• _WORK INSTRUCTION_
Go to the line with "Website: https://pvm.battlegroundps.org/ Location: 14320" in the records below, then output it and each following line exactly, up to and including the line with "芡实50克、莲子50克、铁棍淮山200克、猪肘口400克、生姜三片、陈皮一小块、红枣7枚 步骤: 1、". Skip pictures and add nothing.

• _THE DATA_
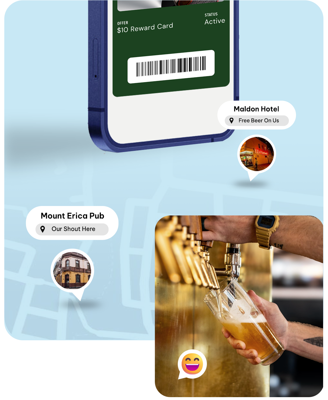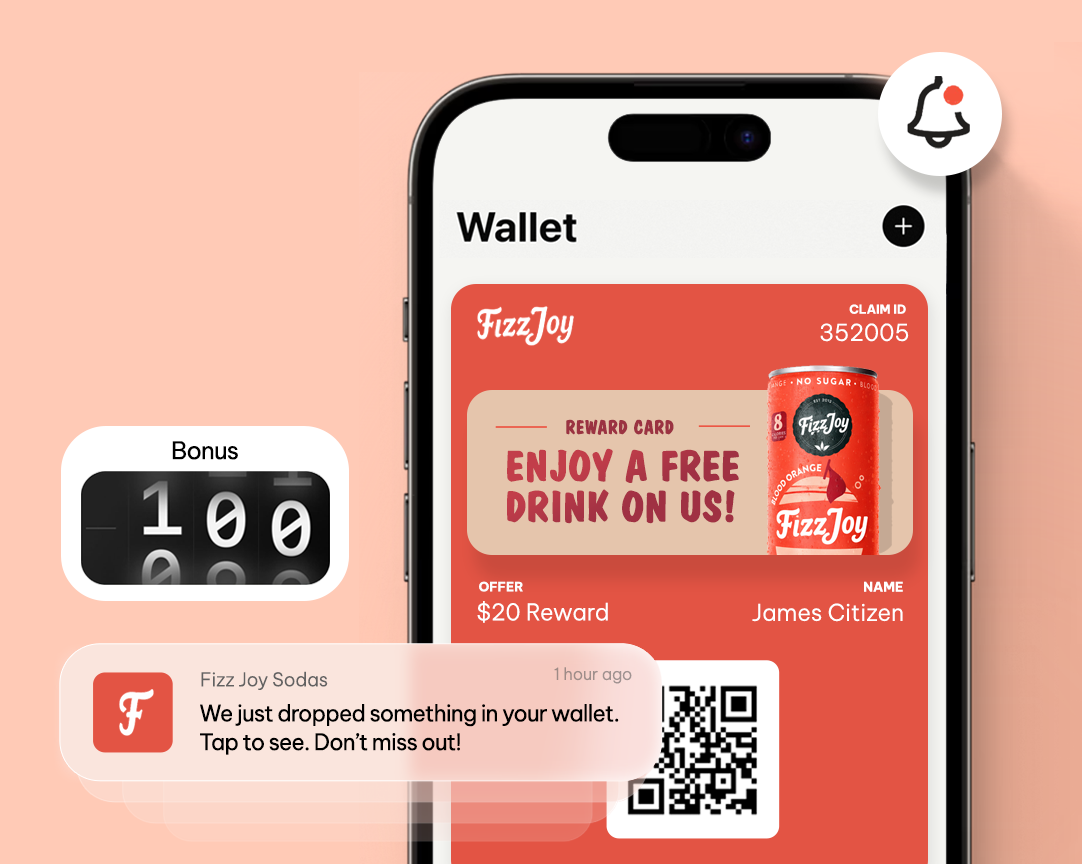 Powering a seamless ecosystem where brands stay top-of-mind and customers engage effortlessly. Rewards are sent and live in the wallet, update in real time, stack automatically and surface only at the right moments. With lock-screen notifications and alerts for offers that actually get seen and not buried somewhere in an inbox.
==
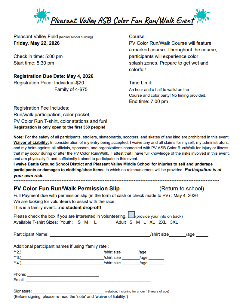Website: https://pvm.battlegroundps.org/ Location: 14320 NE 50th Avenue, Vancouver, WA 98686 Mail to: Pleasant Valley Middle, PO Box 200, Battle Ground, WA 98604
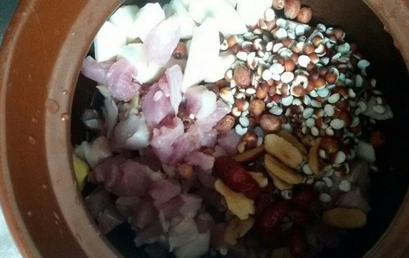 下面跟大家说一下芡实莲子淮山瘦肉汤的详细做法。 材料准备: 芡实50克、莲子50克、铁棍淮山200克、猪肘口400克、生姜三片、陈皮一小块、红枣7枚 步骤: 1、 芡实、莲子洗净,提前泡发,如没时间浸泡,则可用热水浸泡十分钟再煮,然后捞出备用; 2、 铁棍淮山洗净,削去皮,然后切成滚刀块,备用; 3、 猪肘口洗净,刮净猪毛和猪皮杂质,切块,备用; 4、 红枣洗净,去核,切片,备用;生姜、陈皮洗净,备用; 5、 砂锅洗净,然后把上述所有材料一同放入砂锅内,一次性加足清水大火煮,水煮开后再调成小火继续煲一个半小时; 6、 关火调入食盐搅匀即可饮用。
---
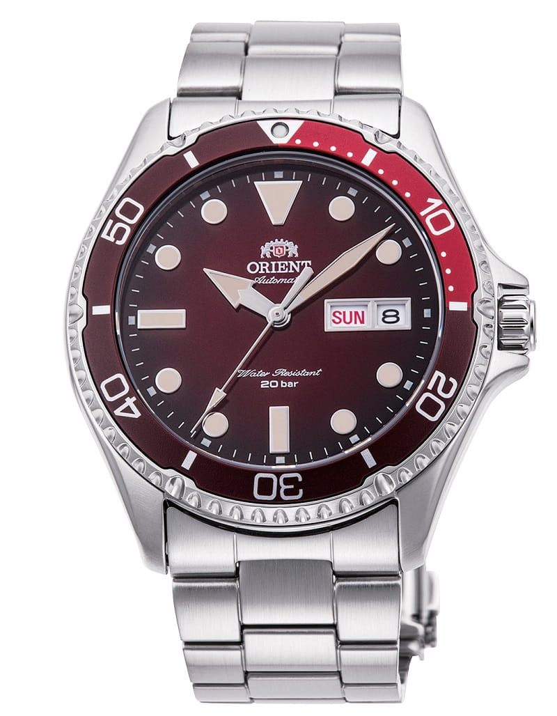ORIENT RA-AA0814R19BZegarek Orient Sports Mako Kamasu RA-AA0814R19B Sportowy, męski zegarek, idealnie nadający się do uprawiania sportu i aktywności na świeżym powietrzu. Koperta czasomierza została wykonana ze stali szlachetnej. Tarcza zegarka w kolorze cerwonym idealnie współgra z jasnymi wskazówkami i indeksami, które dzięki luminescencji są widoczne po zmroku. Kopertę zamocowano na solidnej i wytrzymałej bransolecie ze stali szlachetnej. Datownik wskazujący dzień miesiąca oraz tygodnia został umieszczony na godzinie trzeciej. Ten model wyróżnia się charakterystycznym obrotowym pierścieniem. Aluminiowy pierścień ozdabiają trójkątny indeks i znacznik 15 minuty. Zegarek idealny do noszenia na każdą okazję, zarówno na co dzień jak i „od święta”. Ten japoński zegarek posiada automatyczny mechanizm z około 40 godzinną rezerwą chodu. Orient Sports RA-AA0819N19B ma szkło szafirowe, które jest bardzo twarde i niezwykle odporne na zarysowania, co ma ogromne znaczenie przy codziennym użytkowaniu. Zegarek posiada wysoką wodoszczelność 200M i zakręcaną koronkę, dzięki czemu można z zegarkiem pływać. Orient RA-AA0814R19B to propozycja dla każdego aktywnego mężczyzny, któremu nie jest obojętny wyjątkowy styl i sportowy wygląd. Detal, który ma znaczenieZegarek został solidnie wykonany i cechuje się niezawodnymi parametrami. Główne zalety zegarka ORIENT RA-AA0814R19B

• _THE ANSWER_
Website: https://pvm.battlegroundps.org/ Location: 14320 NE 50th Avenue, Vancouver, WA 98686 Mail to: Pleasant Valley Middle, PO Box 200, Battle Ground, WA 98604
 下面跟大家说一下芡实莲子淮山瘦肉汤的详细做法。 材料准备: 芡实50克、莲子50克、铁棍淮山200克、猪肘口400克、生姜三片、陈皮一小块、红枣7枚 步骤: 1、 芡实、莲子洗净,提前泡发,如没时间浸泡,则可用热水浸泡十分钟再煮,然后捞出备用; 2、 铁棍淮山洗净,削去皮,然后切成滚刀块,备用; 3、 猪肘口洗净,刮净猪毛和猪皮杂质,切块,备用; 4、 红枣洗净,去核,切片,备用;生姜、陈皮洗净,备用; 5、 砂锅洗净,然后把上述所有材料一同放入砂锅内,一次性加足清水大火煮,水煮开后再调成小火继续煲一个半小时; 6、 关火调入食盐搅匀即可饮用。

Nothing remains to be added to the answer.